Storing file information

I'm currently working on a backup solution, once the files are synchronized I'd like to make also a list of the files/directories ( their permissions/uid/gid ) list and save it somewhere.

Currently I have a backup "snapshot" that has 4105 files and 574 directories, I'm using python to walk through the backup snapshot and take this information and it works quite well, but here is a catch.

First I wanted to get all that info and write it into a single file, in the end it was 170MB in size. Not so good.

Then I decided to split the info per directory basis and write it down, I ended up with 106MB total of disk usage.

The script os.walks() and saves the directory info in one list, then it does the same for the files. Two lists are combined in one dictionary which is then JSON encoded and written to the disk in a small file, depending on the size.

I was wondering if you have a recommendation how to possibly size down the disk usage ?

I haven't tried SQLite as a storage engine, where this info would be written down, nor with MySQL, probably would end up with few GB database size.

Thank you on your recommendations and assistance, the code is just to get a feel what I'm using.

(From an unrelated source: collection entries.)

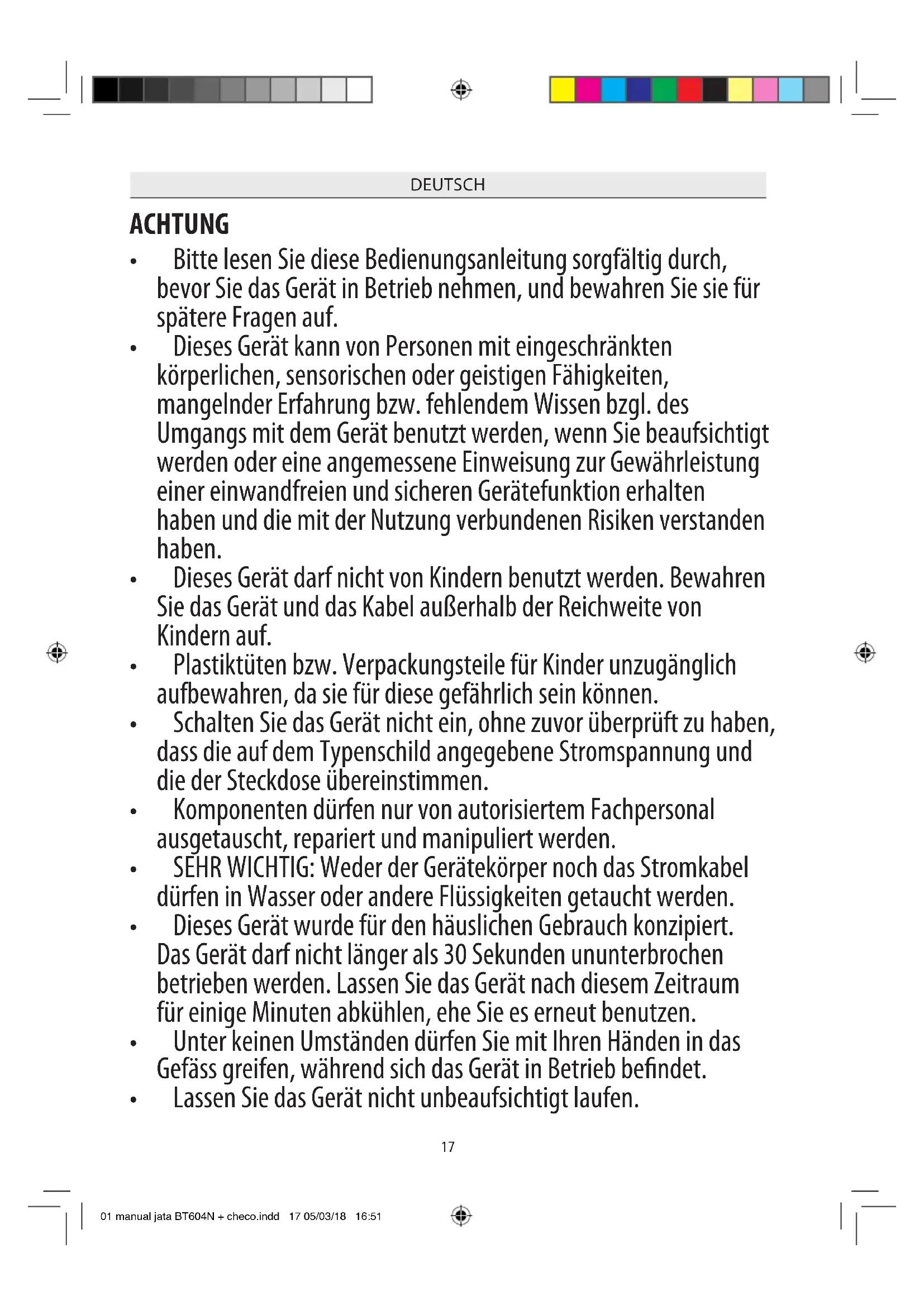 - Lassen Sie das Gerät nicht unbeaufsichtigt laufen. 01 manual jata BT604N + checo.indd 17 05/03/18 16:5118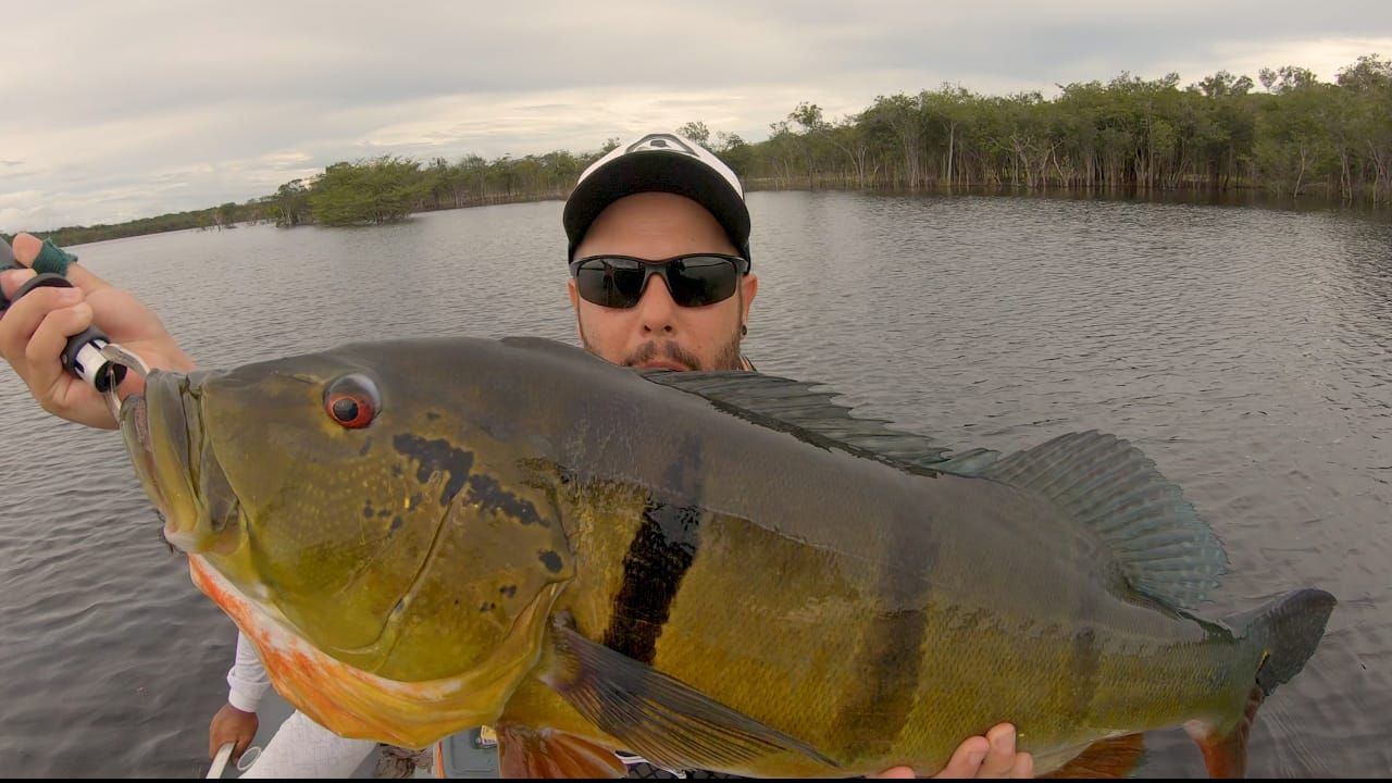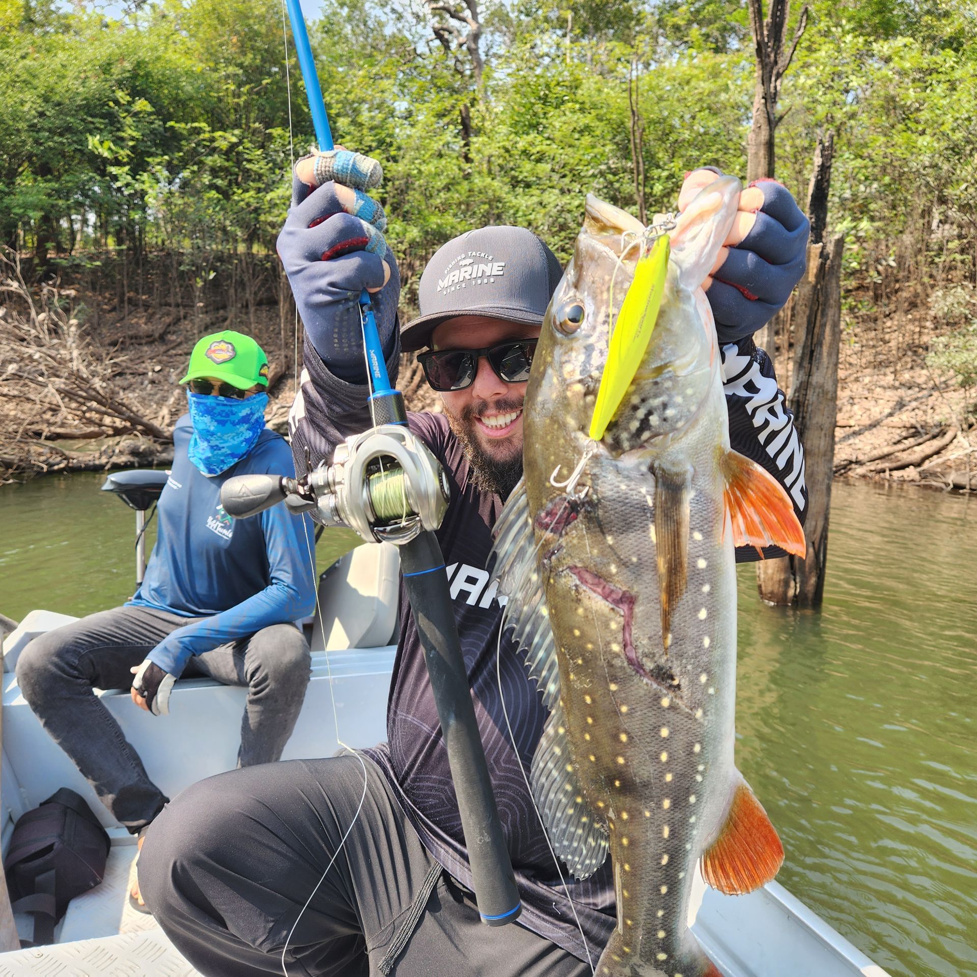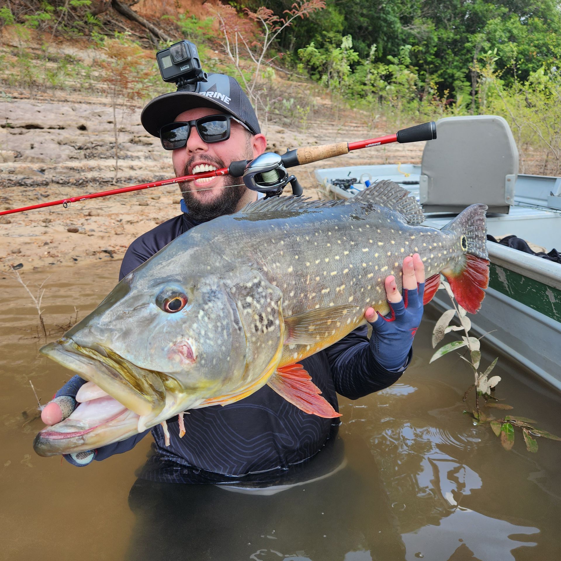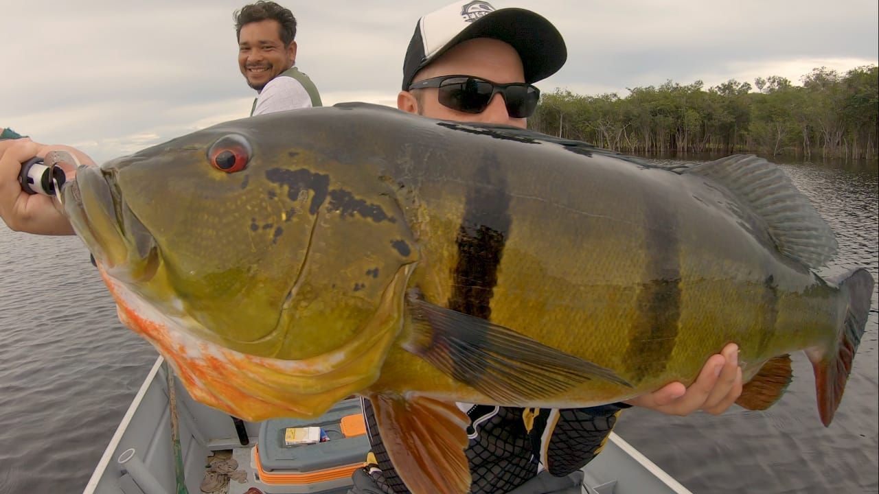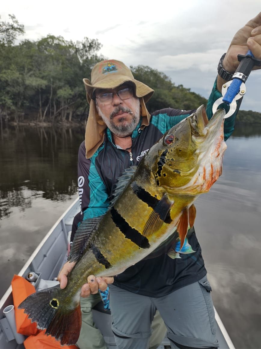 Tucunaré Açu, que pode chegar a 12 kg e aruanâs.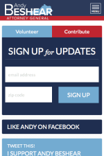 The campaign wanted a fresh design for this new candidate and to use imagery to help the site really stand out to visitors. The dominant element on the homepage is a picture of Andy with his wife and children with an email signup to enlist supporters. This image immediately gives voters an inside look at the candidate and makes it easy for them to get involved. Paired with the family image is the campaign tagline “Stronger Families, Safer Communities,” and a list of the campaign’s signature issues.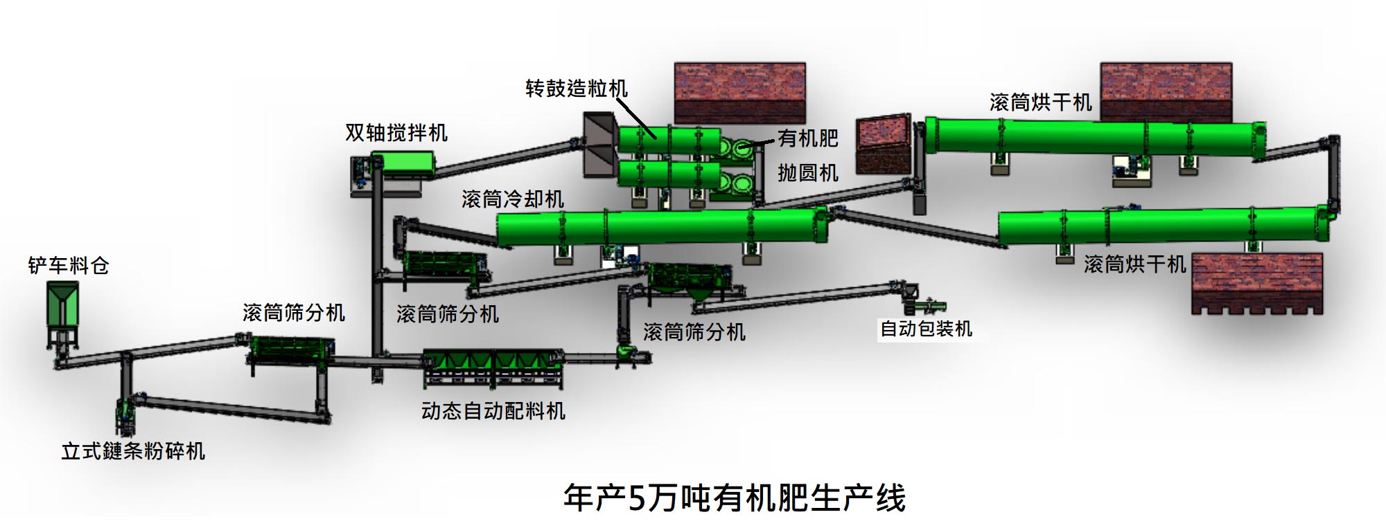 有機肥生產線設備主要包含一個料斗和喂料機,轉鼓造粒機,烘干機,滾筒篩分機,斗式提升機,皮帶機輸送機,包裝機和其他輔助設備。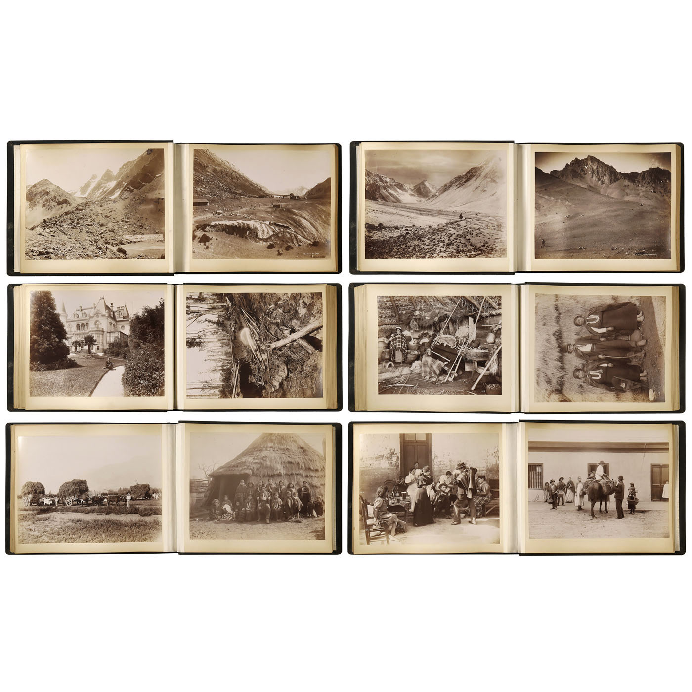 35 x 26 cm, with rayskin covers, 25 removable plates with 50 albumen images of 10 ½ x 8 ½ in., motifs from South America, several with text embedded in the image, without mention of the photographer, image tone well-preserved, rare travel photographs. Motifs include Valle del Inca, Rio Aconcagua, El Hito, scenes from the high mountains of the Andes, Cacheuta, Concepcion, Talcahuano, beach scenes, the castle Castillo Lota, Valdivia and 18 photographs of inhabitants.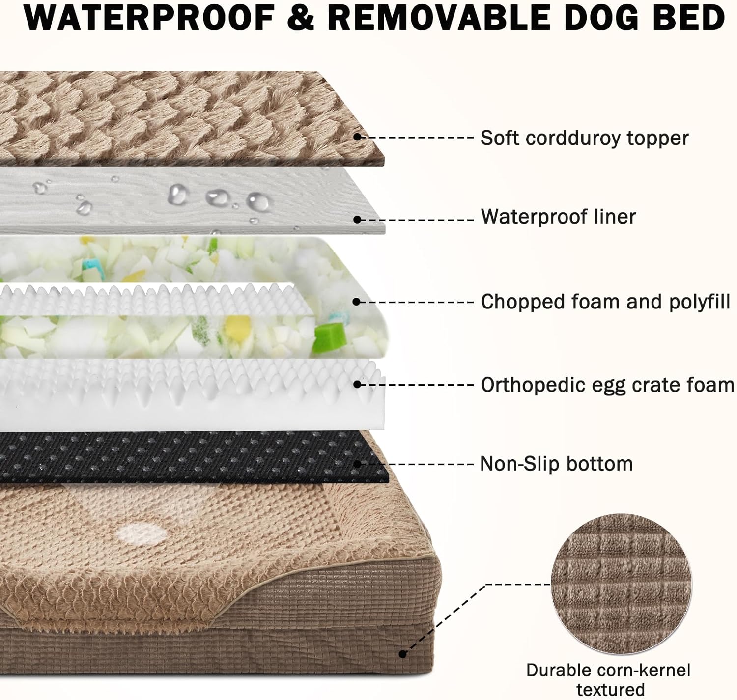 - 🐶WATERPROOF & WASHABLE DOG BED: The dog bed features a fully removable, machine-washable cover with a smooth double zipper for easy to quick remove and care, so just throw it in the washing machine and will be as good as new, ensuring your pet's space stays fresh and hygienic. The waterproof inner lining on the back of the dog bed cover fully protect the egg crate foam from spills, water damage, or accidents, prolonging the product's life.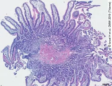 Histologisch imponiert das Bild einer Zöliakie im Duodenum sowie einer lymphozytären Kolitis bis in das terminale Ileum und eine mikroskopische Kolitis. Bei negativem Antikörpernachweis für eine Zöliakie ergibt sich die Verdachtsdiagnose einer Medikamentennebenwirkung.
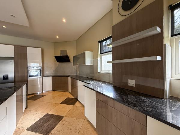 Discover this expansive 6-bedroom, 6.5-bathroom residence available for rent in the sought-after Waterkloof Ridge, Pretoria. This luxurious home boasts six en-suite bathrooms and an additional guest toilet. The interior features an inviting open-plan layout, seamlessly connecting a spacious lounge, a dedicated dining room, and a comfortable family TV room, ideal for both relaxation and entertaining. A well-appointed kitchen with a pantry caters to all culinary needs, complemented by a private study for focused work.
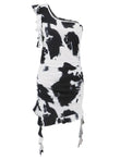 Ruffled Tie-Dye Single Shoulder Mini Dress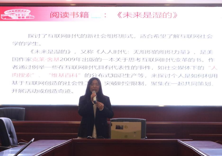活动伊始,主持人程对本期阅读书籍《未来是湿的》进行了简单介绍。接着,黄星海、冀美灵、蒋雨恬三位同学围绕该书籍分享了自己的思考与感悟。如无组织的组织对社会治理的影响需要辩证看待、饭圈文化对于建构网络社会的影响以及如何厘清无组织的组织力量和“乌合之众”的边界等。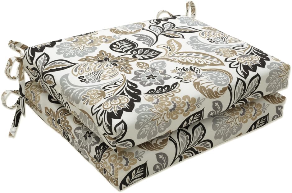 Floral prints never go out of season. This set of two outdoor oversized seat cushions is a timeless choice for a fresh, new look outside. In neutral shades of tan, gray and black, this perfectly-sized floral pops against the off-white ground. You'll love the clean look for a casual outdoor setting. Additional features of these outdoor oversized seat cushions include square corners, 14" ties and recycled polyester fill with zippered closures for easy removal. Also suitable for indoor use.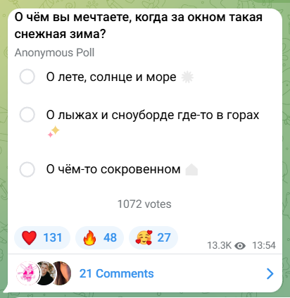 В Телеграме опросы работают как отдельные публикации. Есть 2 механики: сам опрос, в котором можно выбрать до нескольких ответов, и викторина, когда один из вариантов правильный, а все остальные — нет.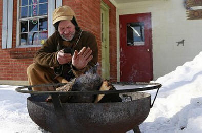 Foto da fonti aperte Un uomo sta cercando di scaldarsi accanto al fuoco. a Indianapolis in Indiana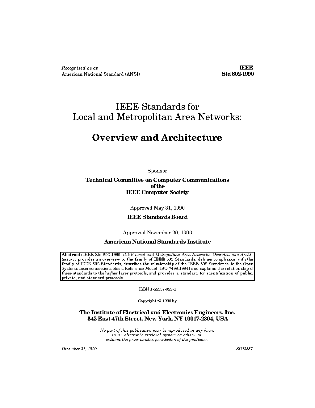 Superseded by IEEE Std 802-2001 This IEEE Standards product is part of the 802 family on LAN/MAN. This document provides an overview to the family of IEEE 802 Standards, defines compliance with the family of IEEE 802 Standards, describes the relationship of the IEEE 802 Standards to the Open Systems Interconnections Basic Reference Model [ISO 7498:1984] and explains the relationship of these standards to the higher layer protocols, and provides a standard for identification of public, private, and standard protocols.

This is the script I'm using that does the job:

import os, sys
import json

zdir = {}
filestat=[]
dirstat=[]
for path, dirs, files in os.walk("/backup/us-s01",  followlinks=None):
        try:
                # Store files in the directory
                for file in files:
                        #print  os.path.join(path, file) 
                        st = os.stat( os.path.join( path, file ) )
                        file_stat = {
                                                        'name': file, 
                                                        'perm': oct( st.st_mode )[-4::],
                                                        'uid': st.st_uid,
                                                        'gid': st.st_gid,
                                                        'size': st.st_size
                                                        }
                        filestat.append( file_stat )

                # Store directory in 
                for di in dirs:
                        std = os.stat( os.path.join( path, di ) )
                        di_stat = { 
                                                'name': di,
                                                'perm': oct(std.st_mode)[-4::],
                                                'uid': std.st_uid,
                                                'gid': std.st_gid,
                                                'size': std.st_size
                                        }
                        dirstat.append( di_stat  )
                pa = path.replace('/', '-')
                zdir = { 'files':filestat, 'dirs':dirstat}
                f = open( '/root/test/json'+pa+'dat', 'w')
                f.write( json.dumps(zdir, separators=(',',':')) )
                f.close()

        except OSError:
                pass

Solution

You can just use gunzip for the output:

import gzip

# your code as posted

zdir = { 'files':filestat, 'dirs':dirstat}
string_out = json.dumps(zdir, separators=(',',':'))    
f = gzip.open( '/root/test/json'+pa+'gz', 'wb')
f.write(string_out)

I've made a test with this and found it to compress the output to 10% of the diskusage it has compared to writing the string into a textfile.